Migrating SVN Repo to Git

Recently, I had to move one of my SVN repository (loans-autoloans-duedatechanges) from SVN to Git. As there was no tag or trunk and only branch (it is weird but true) it was fairly simple. Git comes with a great Git-Svn toolkit that you can use. However, there are few caveats and I will tell you how I overcame them.

I started by creating a new folder on my machine. On Git bash, I simply typed the following command:

git svn clone https://subversion.abc.com/svn/api-services/branches/apiservices_sprint.dev/test-api

It took some time and my repo was cloned. However, when I did git log to check history, the comments were of following format:

Not so good log

It doesn’t look like what normal and proper git logs look like. There are few problems. Firstly, the author is unidentifiable:

Author: xyz <xyz@4c9131da-42a3-4784-a41a-982bb726ad01>

Second, there is way too much meta data. What I will do with the element git-svn-id? I don’t need it.

The meta-data issue can be resolved with modifying the command by adding –no-metadata to it.

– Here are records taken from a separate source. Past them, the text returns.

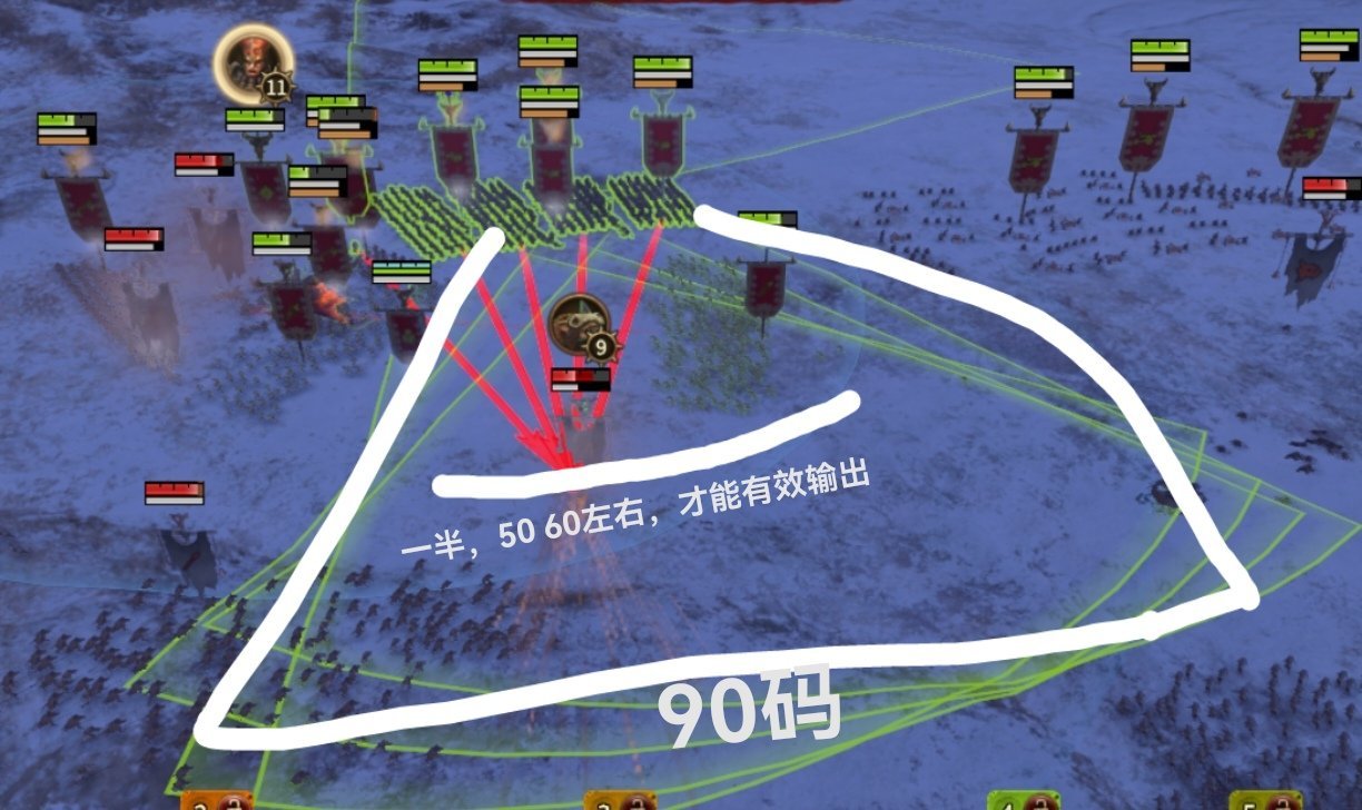 依然集火敌方单体。虽然混矮的远程「雷铳」射距90,输出可怕,但得在射程里一半的距离才能打出来,越远输出越低效。(控制在50 60码左右是最佳。)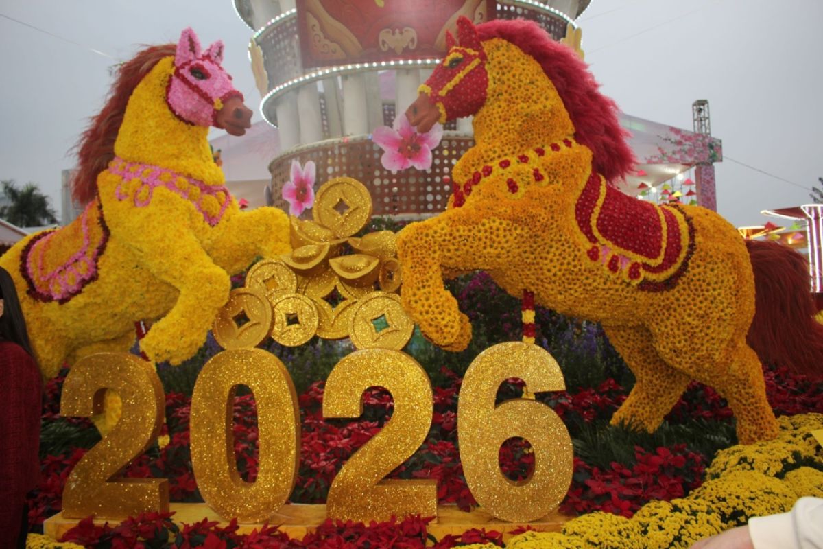 Linh vật ngựa ở chợ hoa Tết nổi tiếng của Phú Thọ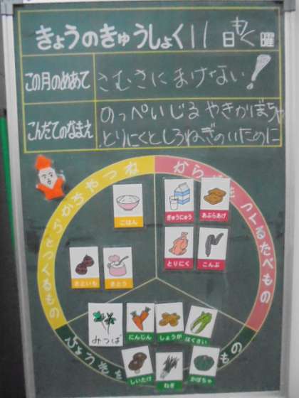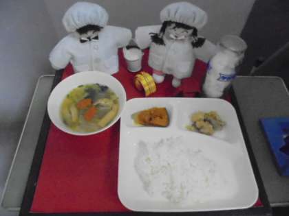 今日の献立は、鶏肉と白ねぎのいため煮、のっぺい煮、焼きかぼちゃのごまだれかけ、ご飯、牛乳です。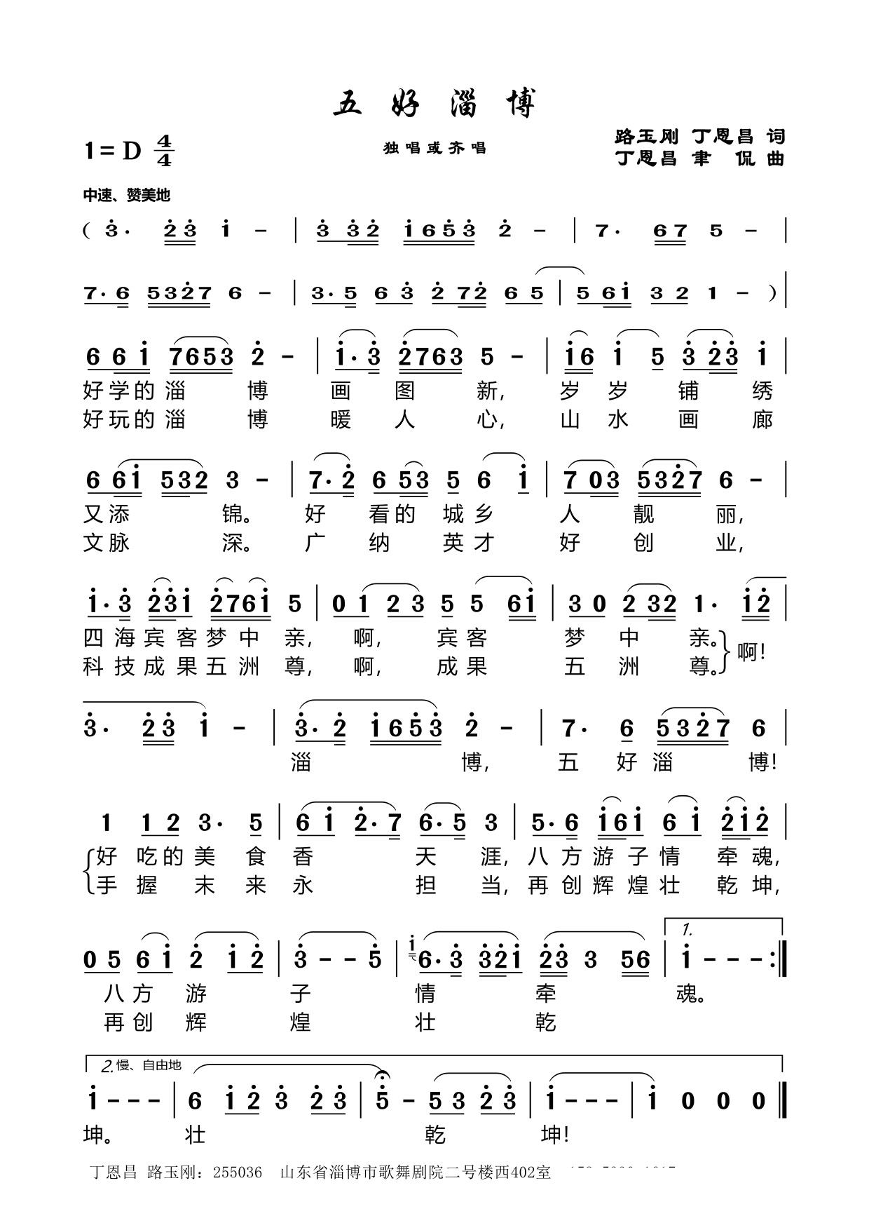 > 五好淄博 丁恩昌路玉刚词丁恩昌聿侃曲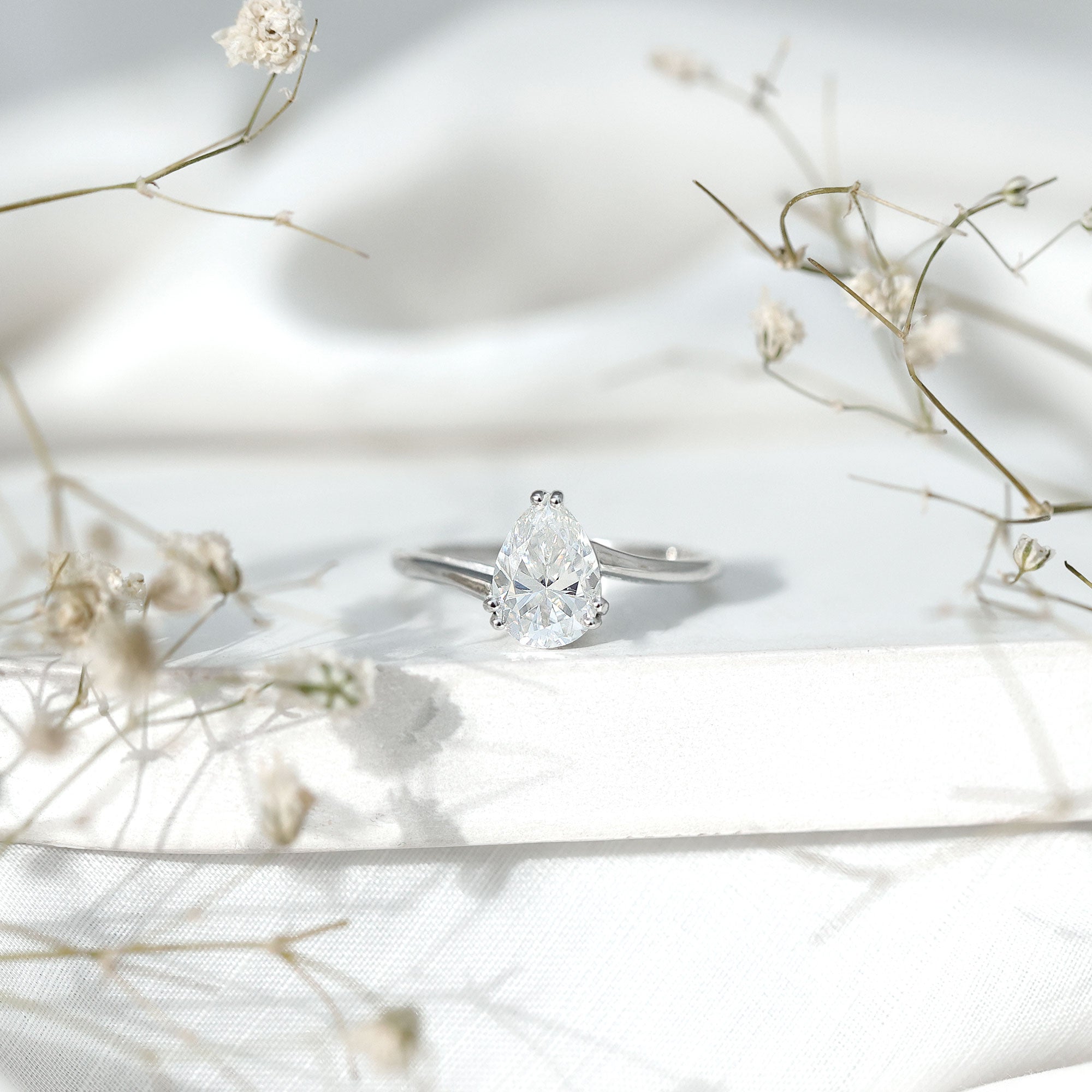 The pear shape—also known as the teardrop cut—is often chosen for its romantic symbolism. Representing love, emotion, and new beginnings, it’s a popular choice for Valentine’s Day and meaningful milestones.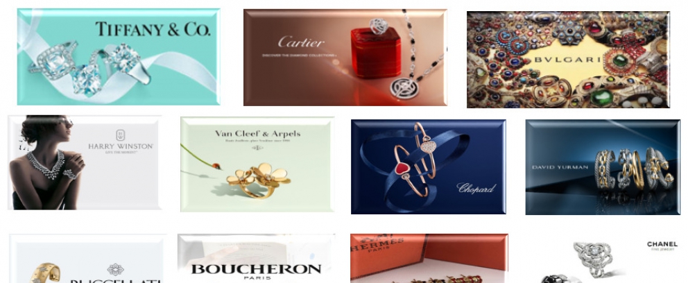 อันดับที่ 1-15 จากซ้ายไปขวา แถวบนสุด คือ Tiffany & Co., Cartier, BVLGARI แถวที่ 2 Harry Winston, Van Cleef & Arpels, Chopard, David Yurman แถวที่ 3 Buccellati, Boucheron, Hermes, Chanel และแถวล่างสุด Dior, Mikimoto, H. Stern และ Graff

git svn clone https://subversion.abc.com/svn/api-services/branches/apiservices_sprint.dev/test-api test-api --no-metadata

Still few things remain undesirable. The author of the commits are still not properly identifiable. I wanted a way to extract the author information from the SVN log and replace it with the proper author information. To do that, I had to extract the logs in an xml format, grep-ed on author and stripped the xml tags. Git-scm came to the rescue with the simple command for this:

svn log --xml | grep author | sort -u | perl -pe 's/.*>(.*?)<.*/$1 = /'  > users.txt

I got the list of users in a text file. In which I provided further information in key=value pair. For eg:

xyz=ABC DEF <abc.def@gmail.com>

Now, again I deleted the previously cloned repo and ran the following command

git svn clone https://subversion.abc.com/svn/api-services/branches/apiservices_sprint.dev/test-api --authors-file=users.txt --no-metadata test-api

And, finally, I got the nice clone with good looking comments:

Better log

This looks cleaner and much better than the previous commit message and more Gitly, if I may use that word.